Будь мы осторожней, прояви мы должную выдержку, никто не обратил бы внимания на то, что происходит между нами, но мы мчались вперед, не задумываясь о последствиях, подобно тому как устремляется вода в брешь плотины, размывая ее все больше и больше.
Я обычно сидел у себя, когда Царица Пчела приходила в гостиную, но сразу же узнавал о ее появлении. Раздавался звон запястий и браслетов: хлопала чуточку сильнее, чем нужно, дверь, скрипела дверца книжного шкафа. Я входил в гостиную и заставал Царицу Пчелу, стоящей спиной к двери и с преувеличенным вниманием выбирающей книгу. Я предлагал помочь ей в этом трудном деле, она испуганно вздрагивала и отказывалась. Затем завязывался разговор.
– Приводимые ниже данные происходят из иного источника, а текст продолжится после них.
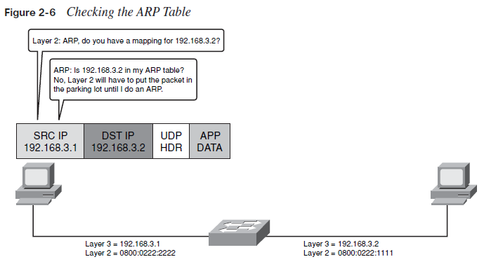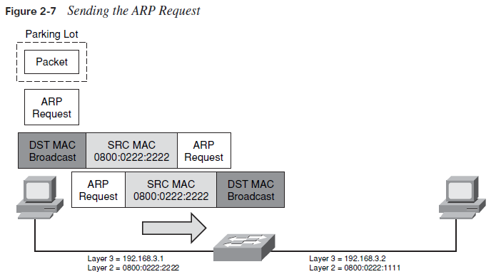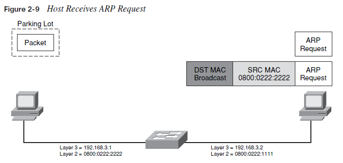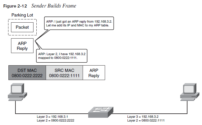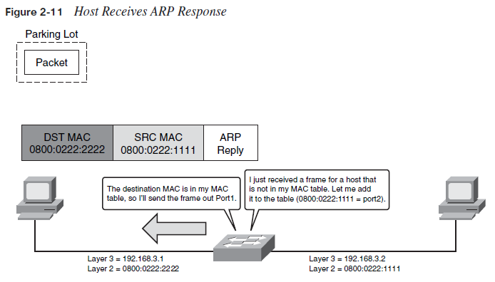 主机192.168.3.1使用IP地址192.168.3.2发ARP请求来学习对端设备的MAC地址。但这个例子里,ARP广播帧在到达远程主机前是由交换机接收的。如下图:

В тот вечер — это был четверг — в полдень я вышел из комнаты, заслышав знакомые звуки. Но на веранде передо мной вырос привратник. Не обращая на него внимания, я продолжал свой путь, однако он преградил мне дорогу.
— Господин, не ходите сюда.
— Не ходить? Почему?
— В гостиной рани-ма[20].
— Прекрасно, доложи твоей рани-ма, что Шондип- бабу хочет ее видеть.
— Нельзя, господин, — сказал он. — Не приказано.
Я страшно рассердился:
— А я приказываю — пойди и доложи!
Привратник смутился, видя мою настойчивость. От толкнув его, я направился к двери и уже почти достиг ее, но он догнал меня и, схватив за руку, воскликнул:
— Господин, не входите!
Как! Прикасаться ко мне?
Я с силой выдернул руку и ударил его по щеке. В это мгновение в дверях появилась Царица Пчела и услышала, как привратник начал бранить меня.
Я никогда не забуду ее в этот момент.
Царица Пчела красива. Это открытие принадлежит мне.
Большинство моих соотечественников на нее и не взглянули бы. Она высока и тонка, и наши ценители красоты с презрением назвали бы ее «жердью». Но меня как раз и восхищает ее высокая, стройная фигура, которая, словно струя фонтана жизни, бьет из самых глубин сердца создателя. Она смугла, но цвет ее лица напоминает вороненую сталь — светящуюся, мерцающую и суровую.
В тот день отблеск вороненой стали появился и в ее глазах. Она остановилась на пороге и, указывая пальцем на дверь, воскликнула:
— Вон!
— Не гневайтесь на него, — проговорил я. — Раз существует запрет, уйти должен я.
— Нет, вы не уйдете, войдите в комнату, — дрожащим голосом возразила Царица Пчела.
Ее слова звучали не просьбой, а приказанием. Я вошел, сел в кресло и, взяв веер, начал им обмахиваться. Царица Пчела что-то написала карандашом на клочке бумаги и приказала слуге отнести записку господину.
— Простите меня, — заговорил я, — я не владел собой, когда ударил вашего привратника.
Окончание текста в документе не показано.